I am right with you, Philip. I am all for courtship. Lord bless you if you are a man biblically prepared for marriage, and you meet a Christian woman and believe it was Divine Providence, and you pray about her, and she seems like a woman biblically prepared for marriage. But you court her. Not date.


Philip said:


> If God has placed on my heart the desire for a wife


If you are familiar with the concept of Total Depravity, you should know better than trust your heart.


Philip said:


> Or are we suggesting the Jane Austen method of waiting around for someone to ask you to dance?

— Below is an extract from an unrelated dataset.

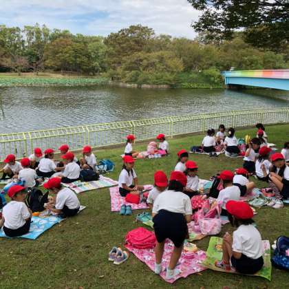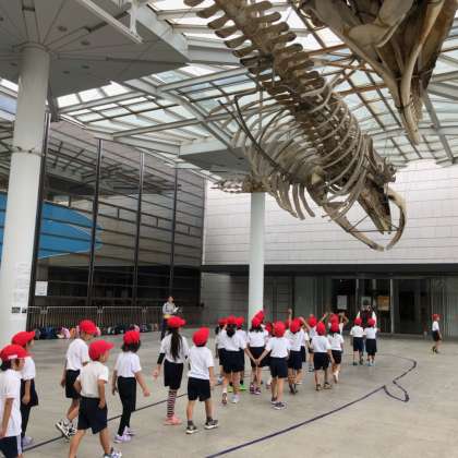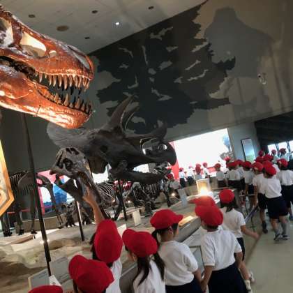 10月5日(金)天候にも恵まれ、1年生は長居公園に遠足に行っています。植物園でお弁当、そして自然史博物館で大きな恐竜の骨格を見学しています。

All I am saying is you should not be preoccupied with looking for a mate. If you walk His ways and do what is good in His eyes, He will provide. And it will not be meat market.


Philip said:


> As for how you meet someone, of course that's the will of God. It may be through church contacts or family friends or going to a Christian college etc or it may not. You don't know. What you ought to do is to try to be the kind of person that a godly young woman or young man would want to marry, by growing in grace and staying in word.


This is very wise.


Philip said:


> But that doesn't mean you just wait around for that person to show up either. You might try going to Bible conferences (my parents met at one) or small groups, or whatever.


Again, it is a calling. If He looks at you as He did on Adam and says "It is not good that he be alone. I will make him a helper suitable for him", He will not let you miss her. Never. But if He does not do that, and you go and find someone, you are saying that you know what you need better than He does. That is very dangerous.
And I do not believe that you go to Bible conferences and small groups to meet someone.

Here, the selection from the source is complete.